B How Do Dedekind Cuts Affect Addition and Negative Numbers?

[bhobba]

This is a really basic stupid question but has me beat. I am almost certainly missing something but for the life of me cat see what. If A and B are are the lower sets of two Dedekind cuts addition is defined as the sum of the elements (r+s) with r in A and s in B. Is that correct or have I missed something? What I cant see is why if x is a negative number x + 0 = x. As I said I am likely missing something basic but for the life of me can't see what it is. Working on a paper defining the numbers but using a different approach based on hyperrationals and hyperreals. This came up while writing it but like I said has me beat. I will probably feel terrible when told where I went wrong about such a basic question.

Thanks
Bill

 

[jedishrfu]

I don’t know which is worse death by a Dedekind cut or by a thousand other cuts.

Perhaps, @fresh_42 can answer your question best.

In the meantime, I found this reference on math.stackexchange

https://math.stackexchange.com/questions/1259453/definition-of-dedekind-cut-addition

They add an irrational with its negative and then ask if 0 is a member.

and this homework chapter

http://homepages.math.uic.edu/~groves/teaching/2008-9/313/09-313Hw2Sols.pdf

 

[bhobba]

Thanks. I will quote what one reference says and spell out my issue. By the definition of addition of Dedekind cuts above we have f(a)+f(b) is the Dedekind cut determined by the set{x+y|x∈A,y∈B}. Well, the set of rational numbers of the form x+y where x<a and y<b and x,y∈Q is exactly the set of rational numbers less than a+b. Therefore, {x+y|x∈A,y∈B}= C, so f(a)+f(b)=f(a+b).

Take x as -1. The Dedekind cut is A1 = {Q| Q < -1}. Take y as 0. The Dedekind cut is A2 = {Q| Q < 0}. Let the element from A1 be -1.000001. Let the element from A2 be -.000001. Then -1.000001 - .000001 = -1.000002 < -1.

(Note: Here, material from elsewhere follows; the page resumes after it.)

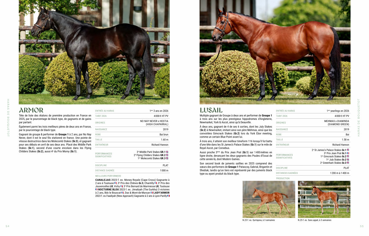 NOCTURNE BLOU 2023 f. ex. Jimaliyah( The Gurkha) 3 victoires à 2 ans, Bdx le Bouscat, Dax & Mont-de-Marsan LADY’ ARMOR 2023 f. ex. Faadiyah( New Approach) Gagnante à 2 ans à Lyon-Parilly

I see my error. Dumb mental arithmetic.

Teaches me a lesson. Don't do stuff in your head - when necessary write it out. Yes and I do feel stupid, but will leave it up anyway so others can learn from my mistake.

Thanks
Bill

 

[fresh_42]

As a service to other readers and for us to have common ground, I'll quote the definitions in my book.

$A\subset \mathbb{Q}$ is called a (Dedekind) cut if

1. $\emptyset \neq A \neq \mathbb{Q}$
2. $\alpha \in A\, , \,\beta \ge \alpha \Longrightarrow \beta \in A$
3. $A$ does not contain a minimal element.

This is a really basic stupid question but has me beat. I am almost certainly missing something but for the life of me cat see what. If A and B are are the lower sets of two Dedekind cuts addition is defined as the sum of the elements (r+s) with r in A and s in B. Is that correct or have I missed something?

My book says: If $A$ and $B$ are cuts then $A+B=\{r+s | r \in A, s \in B\},$ i.e. the author (Christian Blatter) doesn't refer explicitly to "lower sets" but to cuts instead.

What I cant see is why if x is a negative number x + 0 = x.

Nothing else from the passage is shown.